Question

1. write the equation for the absolute value function that has a vertex at (4, -1) and the points (6, -2) and (-6, 2)

Explanation:

Step1: Recall vertex form

The vertex form of an absolute value function is $y = a|x - h| + k$, where $(h,k)$ is the vertex. Here, $(h,k)=(4,-1)$, so substitute into the form:
$y = a|x - 4| - 1$

Step2: Solve for $a$ using $(6,-2)$

Substitute $x=6$, $y=-2$ into the equation:
$-2 = a|6 - 4| - 1$
$-2 = 2a - 1$
$2a = -2 + 1 = -1$
$a = -\frac{1}{2}$

Step3: Verify with $(-6,2)$

Substitute $x=-6$, $a=-\frac{1}{2}$ into $y = a|x - 4| - 1$:
$y = -\frac{1}{2}|-6 - 4| - 1 = -\frac{1}{2}(10) - 1 = -5 - 1 = -6$
This does not match the given point $( -6,2)$, so use $( -6,2)$ to solve for $a$ instead:
$2 = a|-6 - 4| - 1$
$2 = 10a - 1$
$10a = 3$
$a = \frac{3}{10}$
Verify with $(6,-2)$:
$y = \frac{3}{10}|6 - 4| - 1 = \frac{3}{10}(2) - 1 = \frac{3}{5} - 1 = -\frac{2}{5}$, which does not match.
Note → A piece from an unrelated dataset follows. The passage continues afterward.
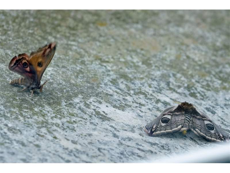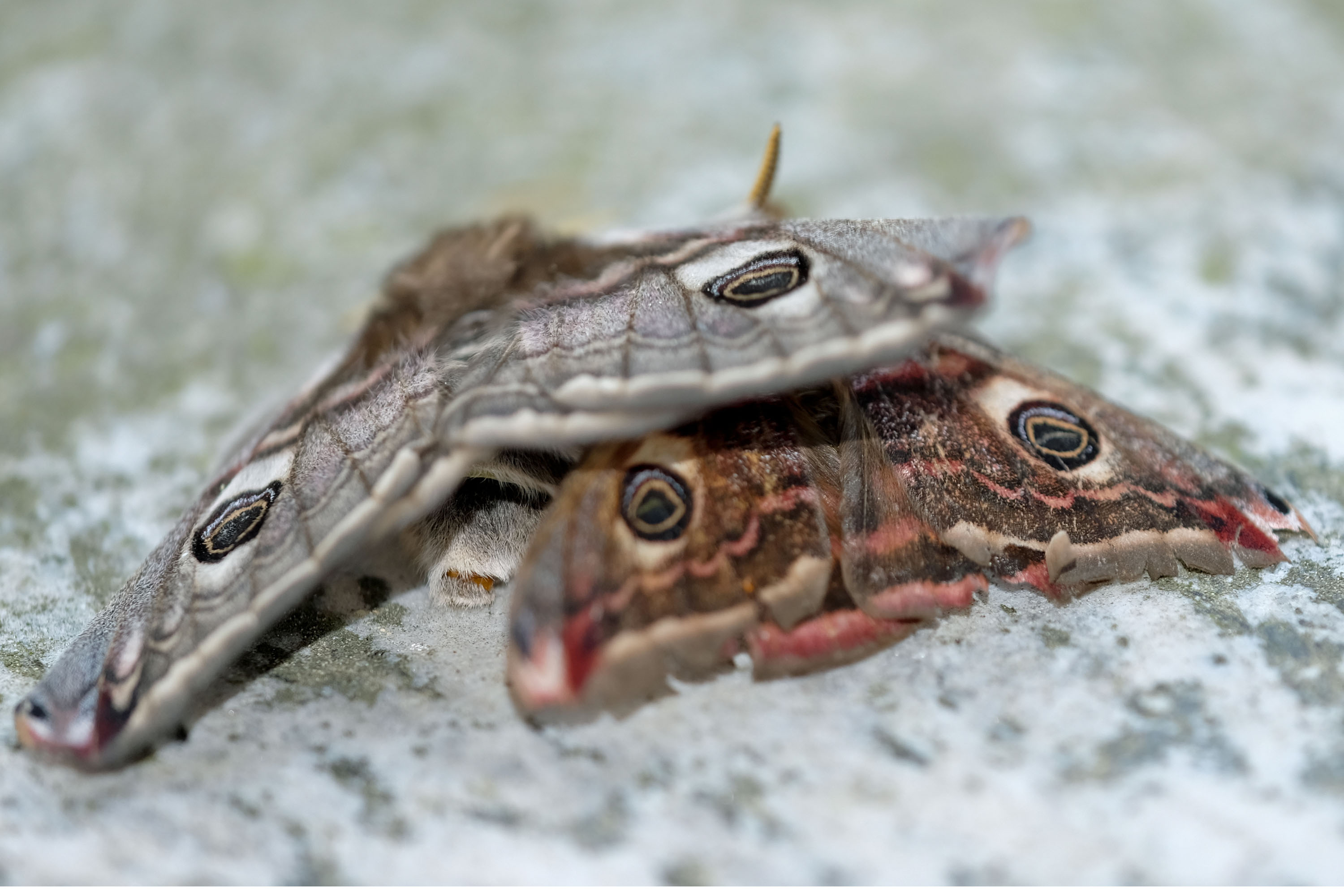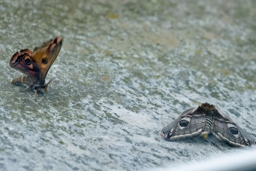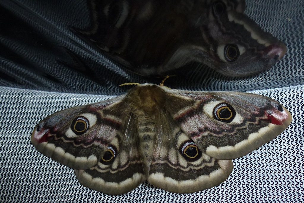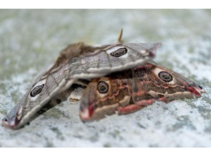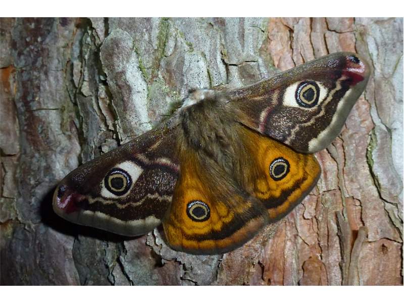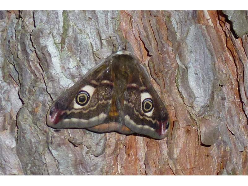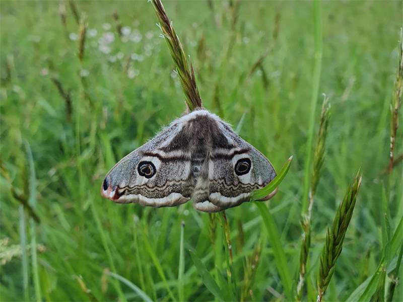 Kleines Nachtpfauenauge (Saturnia pavonia (Linnaeus, 1758)), Tagfund eines Weibchen mit nachfolgender Kopula in Hoyerswerda Klein Neida am 01.Mai 2019. Das Weibchen zufällig entdeckt saß 8 Stunden bis ein Männchen anflog, Kopula über 2,5 Stunden, dann entschwand nach kurzem Nebeneinander das Männchen wieder, das Weibchen folgte etwa eine Stunde später und flog in die Dämmerung.

Since the problem states the function passes through both points, we use the vertex and solve for the correct $a$ that satisfies both.
Set up system of equations:

1. $-2 = a|6 - 4| - 1 \implies 2a = -1 \implies a=-\frac{1}{2}$
2. $2 = a|-6 - 4| - 1 \implies 10a = 3 \implies a=\frac{3}{10}$

Since no single $a$ satisfies both, the function must be a piecewise absolute value function, but the standard form uses the vertex and one point. Assuming the problem intends the first valid pair, we use $(4,-1)$ and $(6,-2)$.

Answer:

$y = -\frac{1}{2}|x - 4| - 1$

Note: There is a contradiction with the point $(-6,2)$ not fitting the function derived from the vertex and $(6,-2)$. If forced to use all three, the function is not a standard absolute value function, but the most consistent standard form using the vertex and one given point is above.